It's a system in which there are two kinds of physicians -- those who make mistakes and those who don't,
在这个制度当中，只有两种人 -- 犯错的不犯错的，
those who can't handle sleep deprivation and those who can, those who have lousy outcomes and those who have great outcomes.
And it's almost like an ideological reaction, like the antibodies begin to attack that person.
And we have this idea that if we drive the people who make mistakes out of medicine, what will we be left with, but a safe system.
我们有着一种想法：当我们将所有的会犯错的人 赶出医学界后， 我们便会得到一个安全的系统。
But there are two problems with that.
In my 20 years or so of medical broadcasting and journalism,
I've made a personal study of medical malpractice and medical errors to learn everything I can,
from one of the first articles I wrote for the Toronto Star to my show "White Coat, Black Art."

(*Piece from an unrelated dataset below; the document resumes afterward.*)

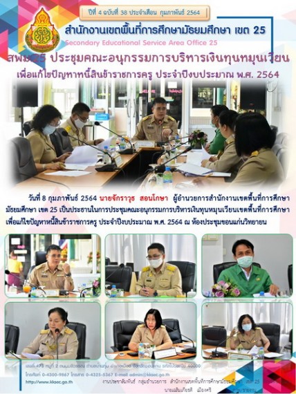 | วันที่ 8 กุมภาพันธ์ 2564 นายจักราวุธ สอนโกษา ผู้อำนวยการสำนักงานเขตพื้นที่การศึกษามัธยมศึกษา เขต 25 เป็นประธานในการประชุมคณะอนุกรรมการบริหารเงินทุนหมุนเวียนเขตพื้นที่การศึกษา เพื่อแก้ไขปัญหาหนี้สินข้าราชการครู ประจำปีงบประมาณ พ.ศ. 2564 ณ ห้องประชุมขอนแก่นวิทยายน | |
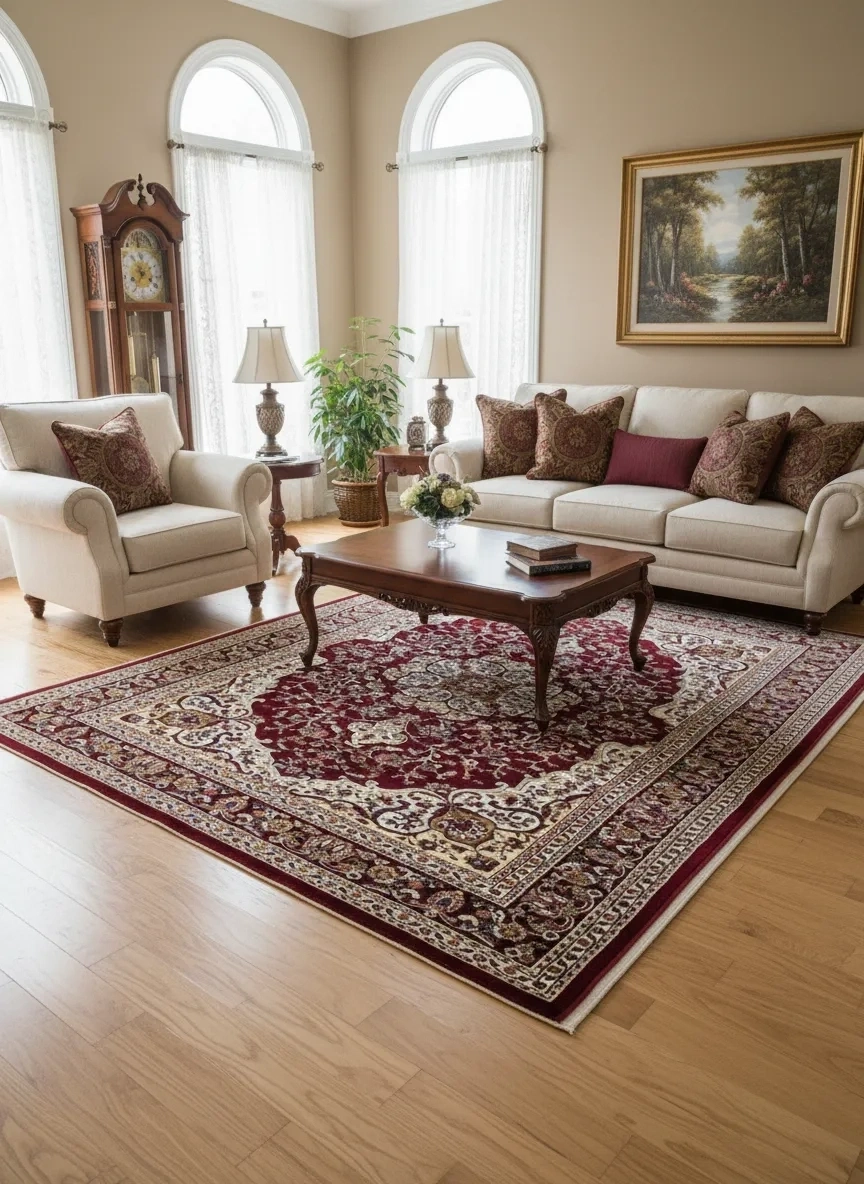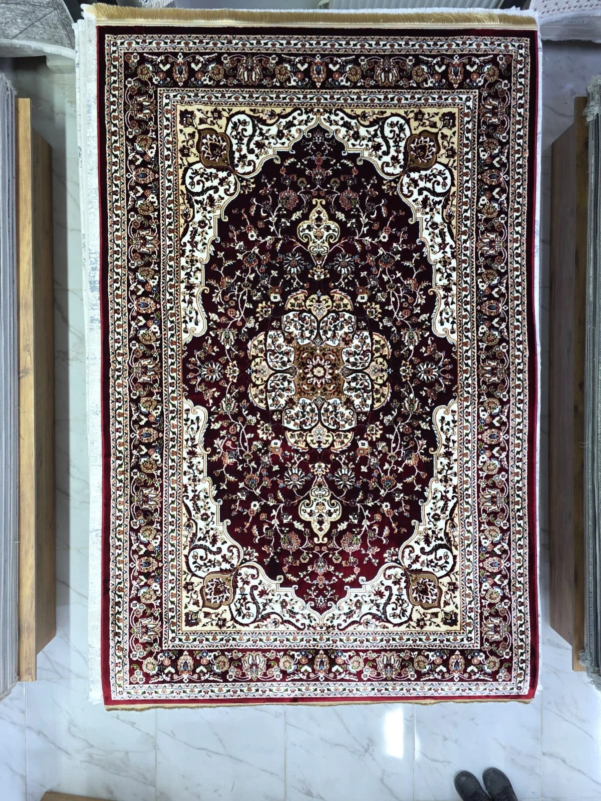 • Asar Yün İpek H3846A Koyu Kırmızı, yün ve ipek karışımı premium ipliklerle üretilen bu model, koyu kırmızı zemin üzerinde merkezi çiçekli madalyon ve krem arabesk bordür sistemiyle İran İsfahan halılarının zarifliğini modern teknolojinin hassasiyetiyle buluşturuyor. 150x233 cm boyutuyla prestijli bir salon tercihi.

And what I've learned is that errors are absolutely ubiquitous.
We work in a system where errors happen every day,
where one in 10 medications are either the wrong medication given in hospital or at the wrong dosage,
where hospital-acquired infections are getting more and more numerous, causing havoc and death.
In this country, as many as 24,000 Canadians die of preventable medical errors.
In the United States, the Institute of Medicine pegged it at 100,000.
In both cases, these are gross underestimates, because we really aren't ferreting out the problem as we should.
即使如此，这两项数据也还是过于低估了现实， 因为我们从未像我们该做的那般 深入地探究这个问题。